Out-of-pocket health care costs are those that you pay yourself and for which you receive no reimbursement. For the Medicare prescription drug benefit, you will have to pay a monthly premium to join a plan on top of existing Medicare Part B, Medicare Advantage, or Medicare Cost plan premiums. Costs will vary depending on which plan you pick. For 2006, you will pay a monthly premium of around $32 a month for standard coverage. For that, you will receive a $250 deductible, which must be met before the benefit starts.

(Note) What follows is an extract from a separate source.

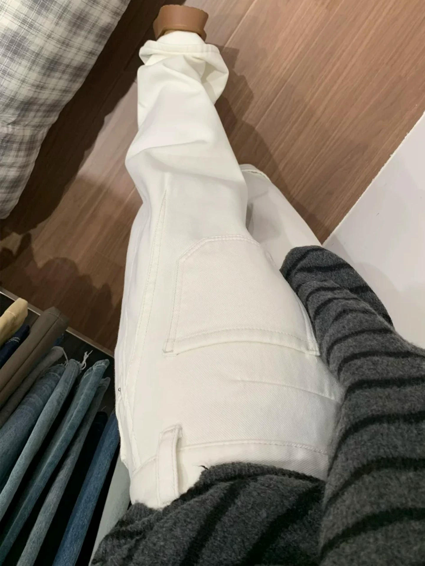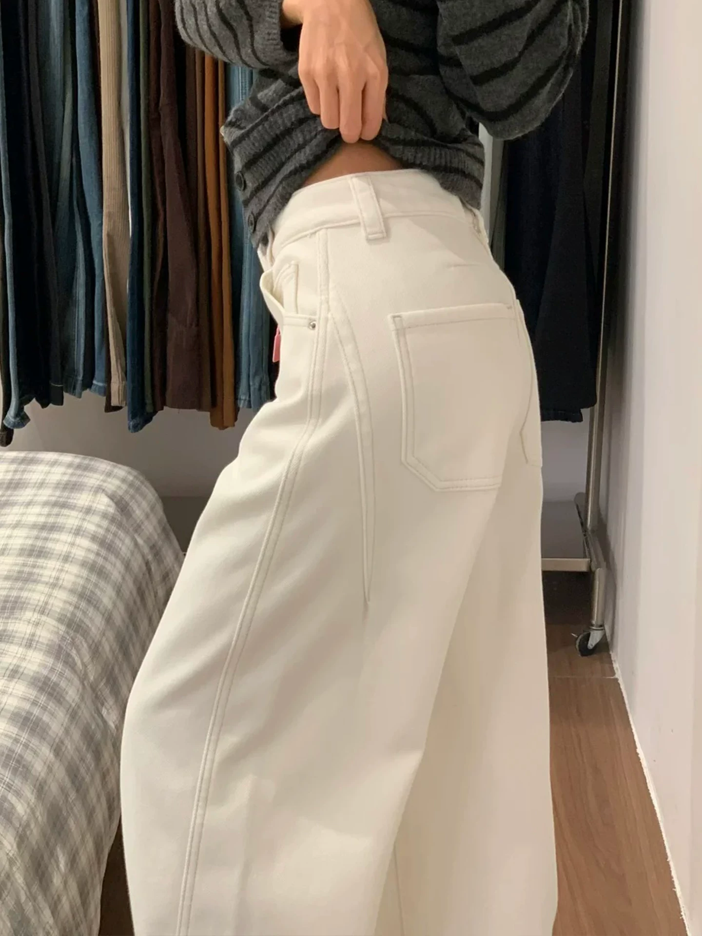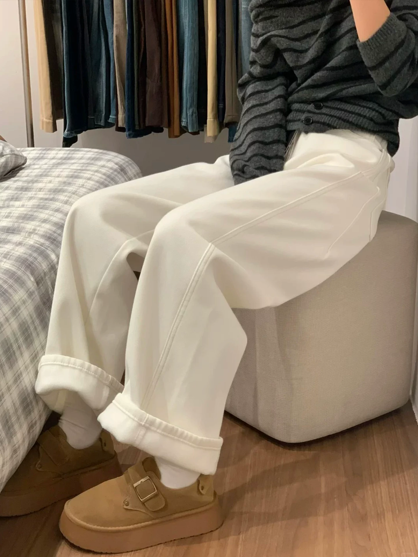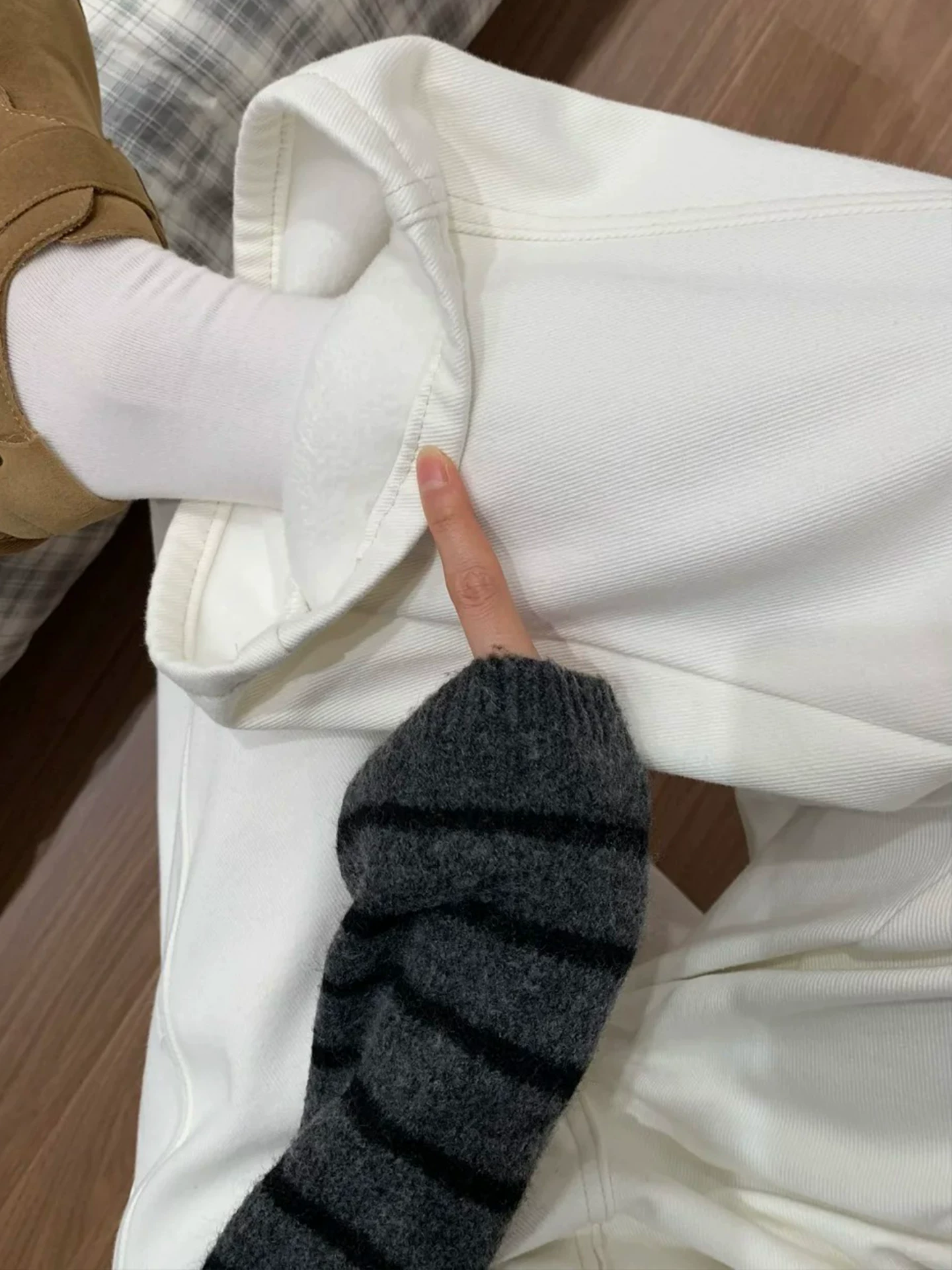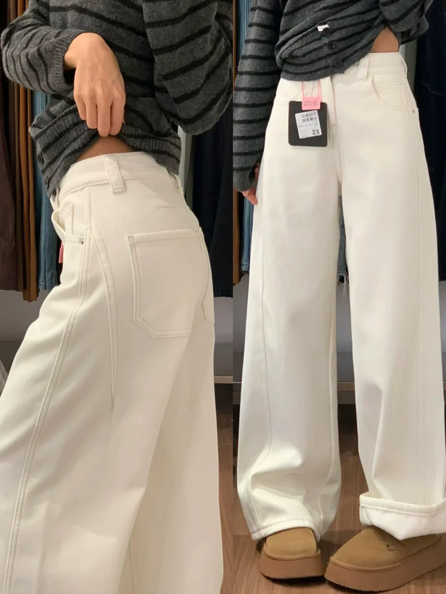 - Quần jean ống rộng màu trắng dành cho nữ, mùa đông, cỡ lớn, lót lông cừu, dày dặn, cạp cao, dáng rộng, tôn dáng, dáng quả lê, quần ống thẳng

As long as your premiums are paid on time and you have met your deductible, you will have a 25% co-pay up to $2,250. You will then have to pay 100% of your drug costs for the next $2,850. Once you have spent $3,600 in out-of-pocket expenses for the calendar year, the benefit becomes active and your co-pay is only 5% for the rest of the calendar year. People with limited income may qualify for extra help in the form of waived premiums, no deductibles, and low co-pays.
Medigap insurance is supplemental insurance privately purchased by individuals. These supplemental policies cover costs not paid for by Medicare that you would normally have to pay for out-of-pocket. Before signing up for Medigap, The American Association of Retired Persons (AARP) recommends considering other alternatives you may have available to you such as Medicare savings programs, Medicaid, retiree health insurance, and prescription drug assistance programs. AARP's Web site and its publications include a wealth of resources to help educate on these options as well as available Medigap plans.
The Centers for Medicare & Medicaid Services, or CMS, is the federal agency that administers the Medicare program. The Medicare insurance program, which turned 40 in 2005, provides health insurance coverage to nearly 40 million Americans. Covered individuals include those age 65 and older, some people with disabilities under age 65, and people with end-stage renal disease. End-stage renal disease, also known as ESRD, is permanent kidney failure requiring dialysis or a kidney transplant. CMS was formerly known as the Health Care Financing Administration, or HCFA, but was renamed in 2001.